I legami sociali che, durante questo percorso, si sono creati e consolidati sono stati agevolati dalla tipologia dell’argomento. Il cibo gode di grande interesse e offre la possibilità di coinvolgere tutti in modo trasversale ed universale. Infatti, attraverso la riscoperta delle abitudini culinarie nel tempo, con il prezioso contributo degli anziani, e nello spazio, con l’esperienza dei migranti, abbiamo approfondito e valorizzato modi di vivere differenti ricercando ciò che ci unisce e connette.
Il target dell’adolescenza è stato scelto per promuovere un percorso atto a limitare fenomeni come l’esclusione sociale e la discriminazione nonché a sensibilizzare verso abitudini eco- sostenibili come la lotta allo spreco alimentare.
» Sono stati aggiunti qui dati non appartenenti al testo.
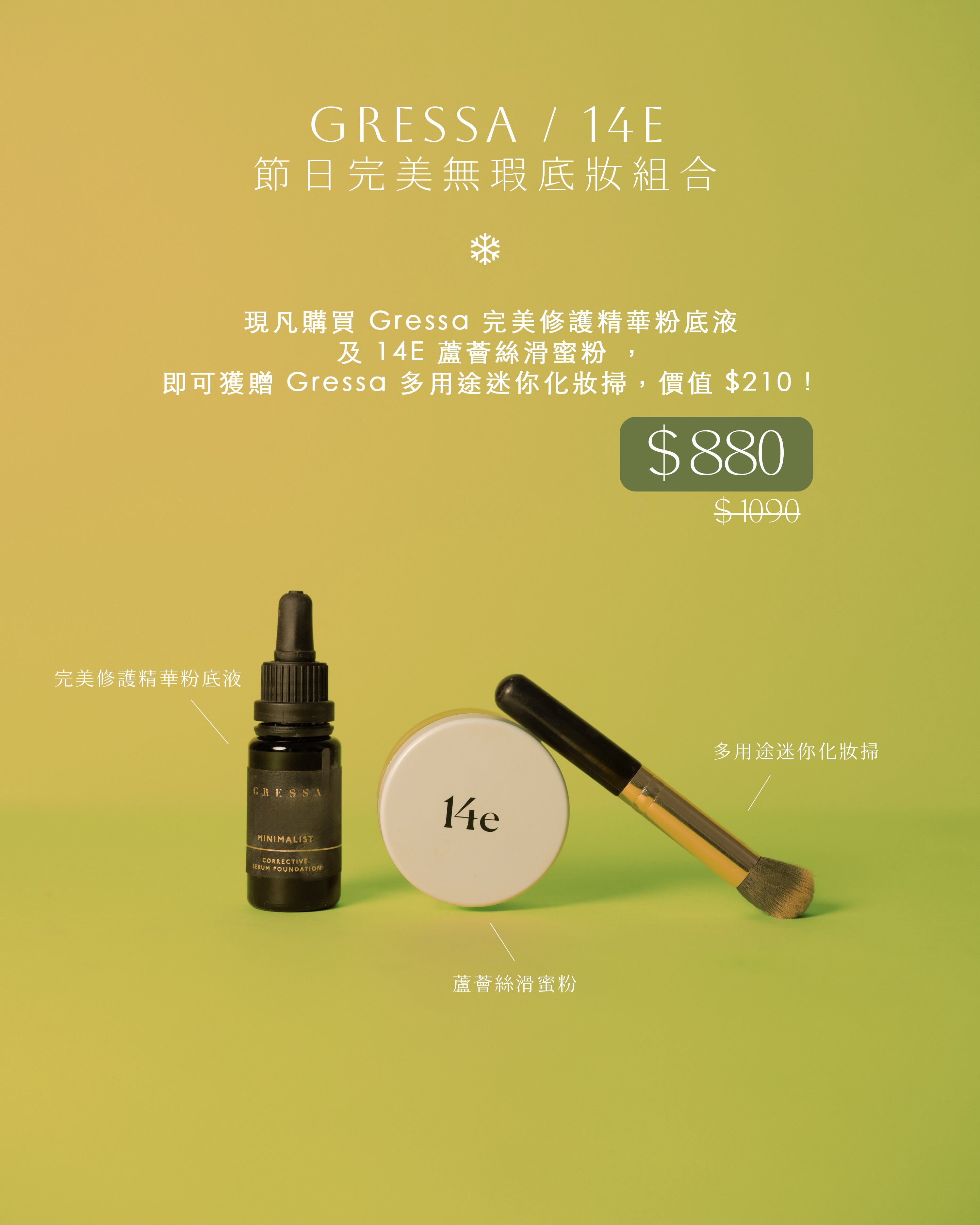 🎅🏻 現凡購買 Gressa 完美修護精華粉底液 及 14E 蘆薈絲滑蜜粉 ,即可獲贈 Gressa 多用途迷你化妝掃 乙枝,價值 $210! 開業至今,14E 蘆薈絲滑蜜粉 和 Gressa 精華粉底液 一直佔據 Beautysaur 銷售榜冠軍寶座,從未動搖過!今個聖誕繼續有 Gressa 同 14E 幫忙,讓我們擁有貼服底妝外,更送出 Gressa 多用途迷你化妝掃,選用 100%純素植物纖維,可專業地將粉底遮瑕均勻推開,亦能用作胭脂、眼影掃,設計小巧設計便於攜帶,隨時補妝無難度! *Gressa 精華粉底液 將於 2026年1月1日 起加價至 $880,襯住今次機會快啲團貨啦!(全新批次到期日為2028年) Gressa 完美修護精華粉底液 顏色簡介:...
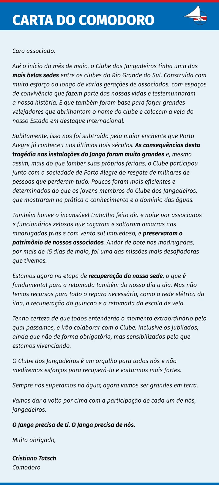 “A Comodoria fez um estudo amplo, detalhado e transparente das necessidades do Clube para que ele volte a ser o que tínhamos, com o mesmo apelo e facilidades que o Jangadeiros sempre ofereceu aos associados, que possuem ou não embarcação. Chegou a hora de darmos para o Jangadeiros um pouco do que ele deu para nós e continuará dando por muitos anos. Neste momento, o associado entrega suas obrigações mensais e um pouco mais para que o Janga volte a ser o paraíso dentro de Porto Alegre que ele sempre foi”, afirma Manuel Ruttkay Pereira, presidente do Conselho Deliberativo.
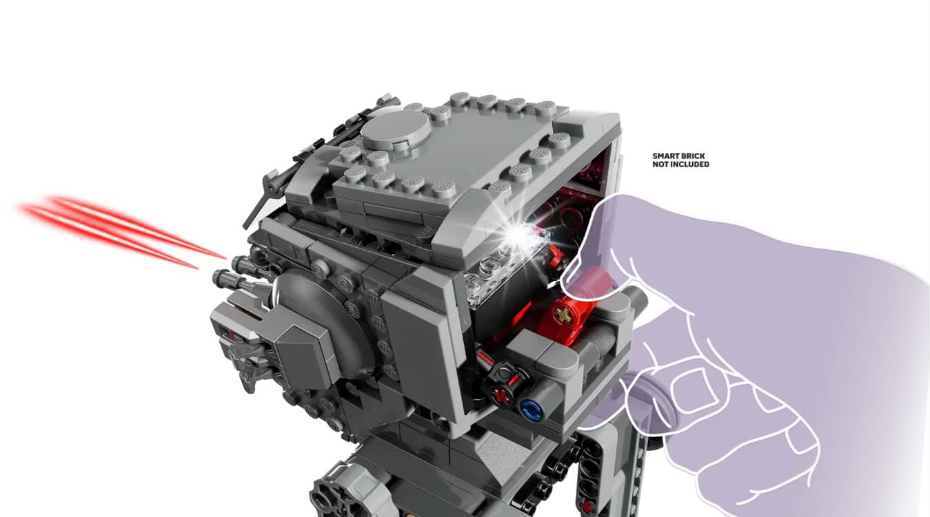 - 2 VEHICLES – Place the AT-ST Driver in the AT-ST walker’s cockpit, swivel the head of the AT-ST and fire its dual stud shooter and flick shooter at the speeder bike hijacked by SMART Wicket
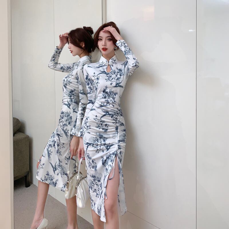 夜の上海のチャイナドレスのイブニングドレスの女性の秋のトーストのドレスは、若いセクシーな長袖のミドル丈のドレスを改善しました micat32520870328
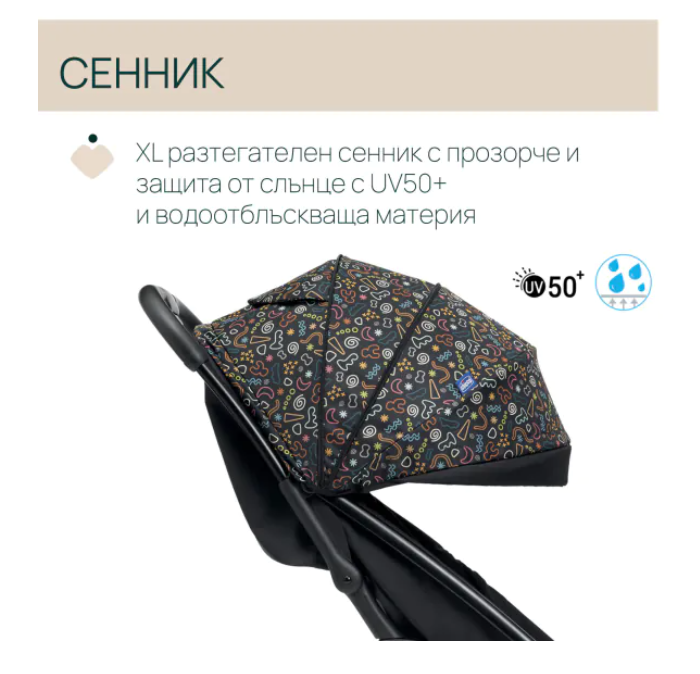• Защитният сенник е с разтегателна част и е оборудван със сенник с UV50+ и водоотблъскващи обработки;
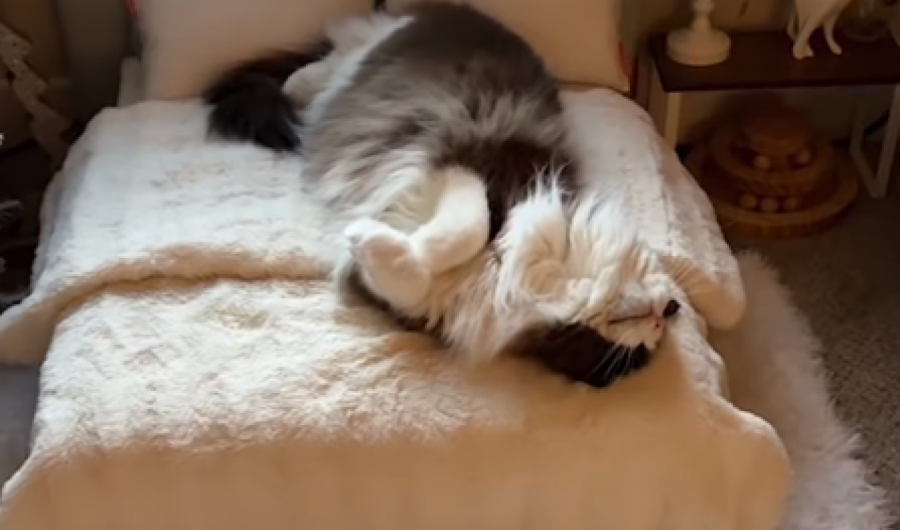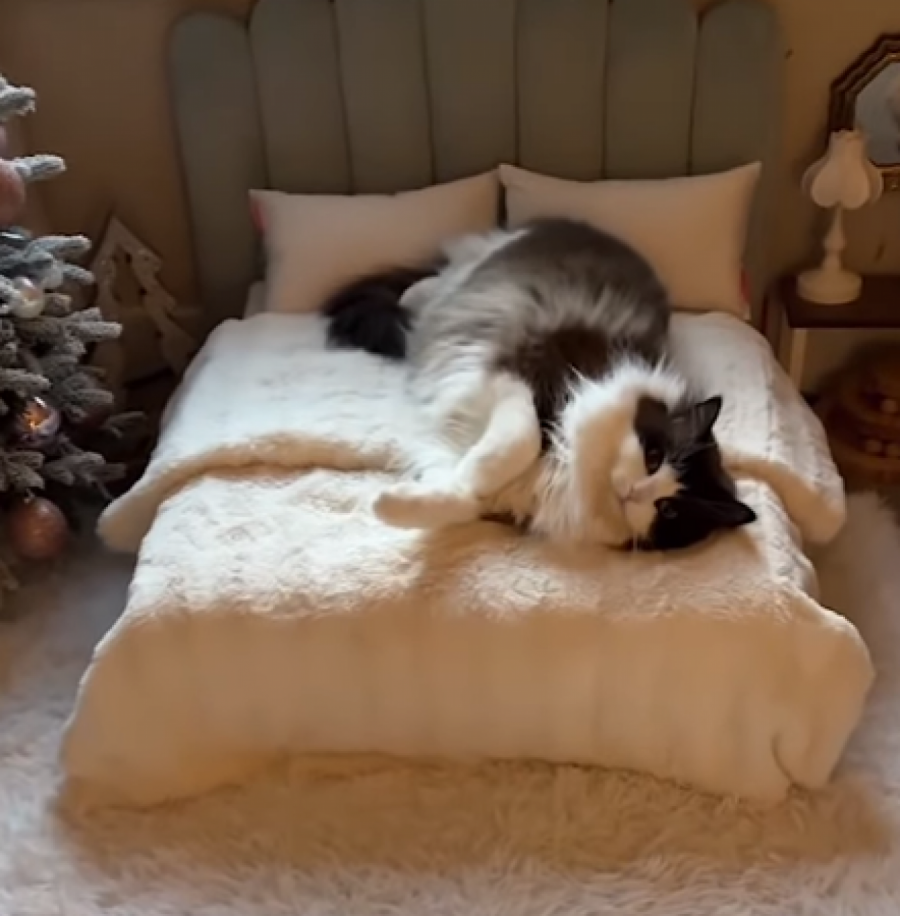 Snimak koji je nasmejao mnoge, ali i izazvao podeljne reakcije pojavio se na Instagramu i prikazuje sobu koja je po svoj prilici opremljena samo za mačku. Vrata su otvorena i vidi se da unutra leži neka vrsta persijske mačke crno-bele boje koja se odmara na krevetu. Međutim to nimalo nije običan krevet. To je bračni krevet sa sve posteljinom, naslonom za krevet i dva jastuka, a tačne je veličine ove mačke. Maca se zadovoljno proteže po njemu, dok je krevet ispod prozora na kome je i zavesa. U sobi se regularno pali i svetlo.
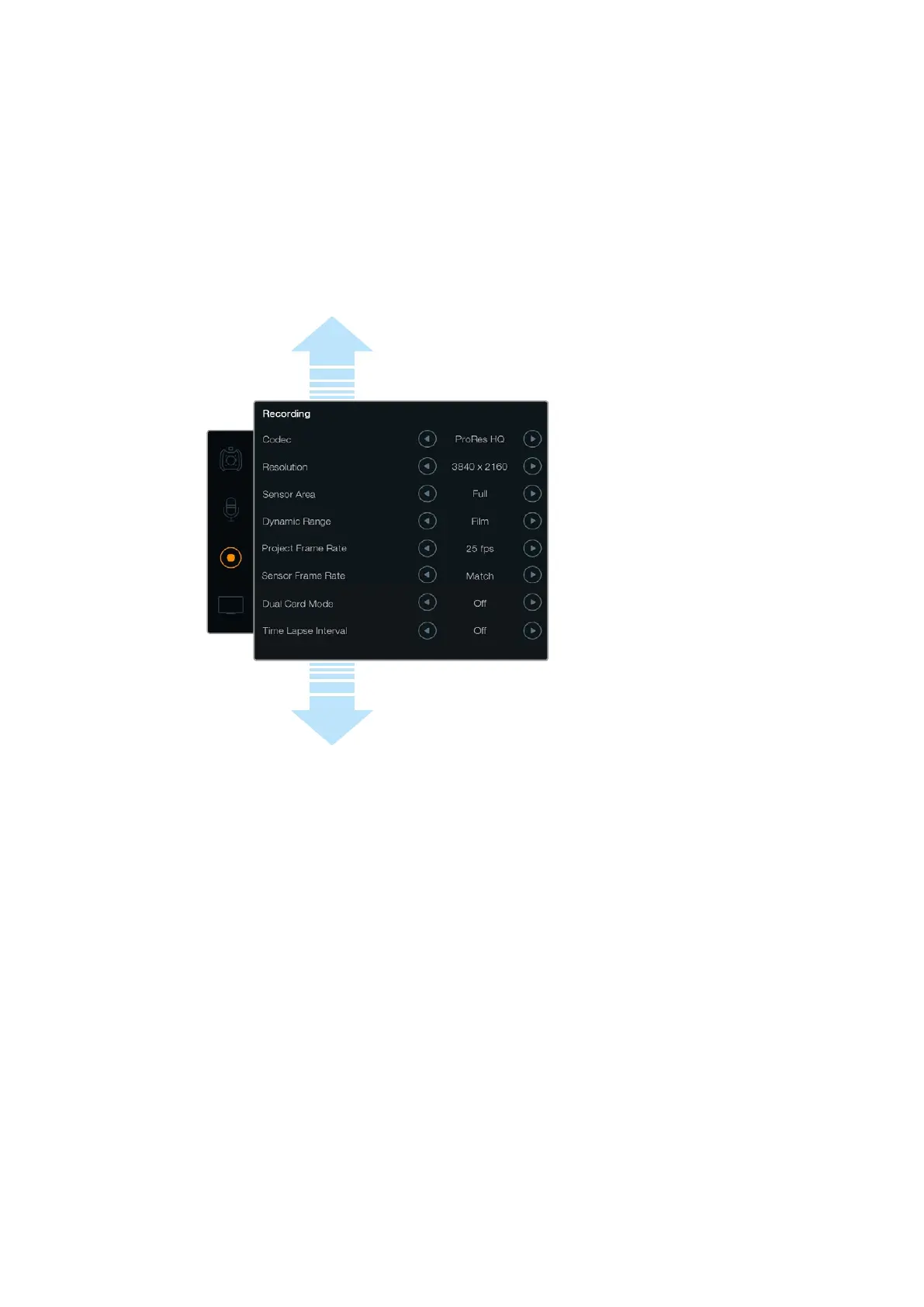 カードに 収 録するビデオフォーマットの設 定には 、丸いレコーダーアイコンをタップし、関 連の
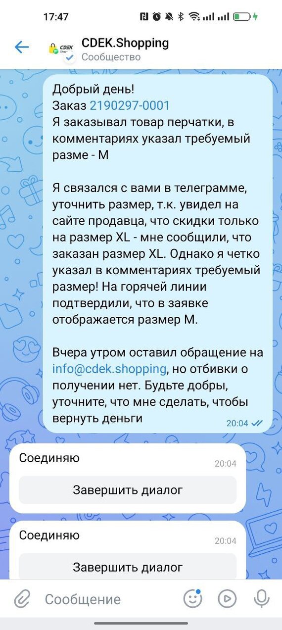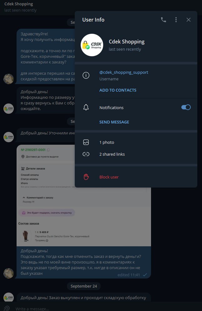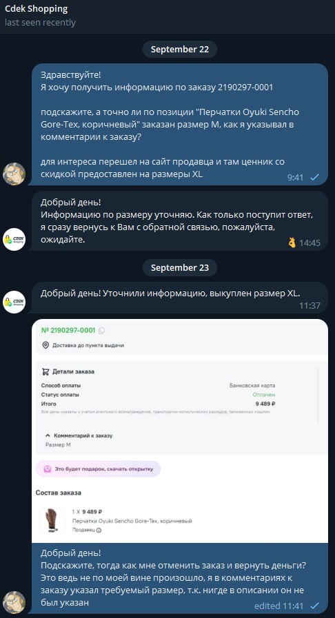 21 сентября в 20:10 мне на почту пришло уведомление, что товары в пути на склад отправления. На следующий день утром, т.е. 22 сентября я прочел письмо, обрадовался покупке, зашел в личный кабинет и в разделе с заказами нашел информацию о продавце. Решил посмотреть, что там на сайте у него и обнаружил, что данные перчатки со скидкой стоят 59,99$ и продаются только с размером XL. Пабам. Возможно просто выкупили размер, который я заказывал? Решил уточнить на всякий случай. Зашел в телеграм и написал в службу поддержки CDEK.Shopping
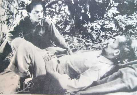 | Trên đường đi Chiến dịch Biên giới, Đại tướng Tổng tư lệnh Võ Nguyên Giáp thăm Chủ tịch Hồ Chí Minh (1950). |
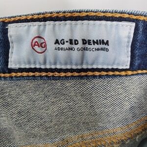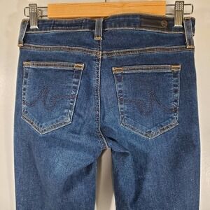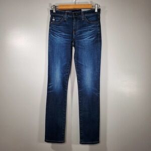 Features : slim fit, faded dark wash, whiskering, mid-rise, ankle length, stretch denim, AG, classic, original, versatile, casual, fall, spring, summer, winter
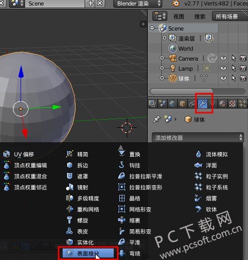 2、点击blender中文版右边属性导航选择“修改”,给球体添加“表面细分”修改器,如图所示:

I laboratori e gli incontri sono stati pensati per vivere momenti ricreativi ed educativi in un clima sereno e rispettoso, tale da imprimere nella mente degli adolescenti, durante la loro naturale fase di scoperta del mondo, la conoscenza e l’accettazione di culture e stili di vita differenti, presenti già nel territorio stornarese e necessari per una ottimale convivenza. Come associazione crediamo che uno dei modi per rinvigorire i nostri paesi è investire sulla cittadinanza di domani, trasmettendo l’esperienza degli adulti che servirà a plasmare un luogo sempre più inclusivo, responsabile e con un maggior senso civico”.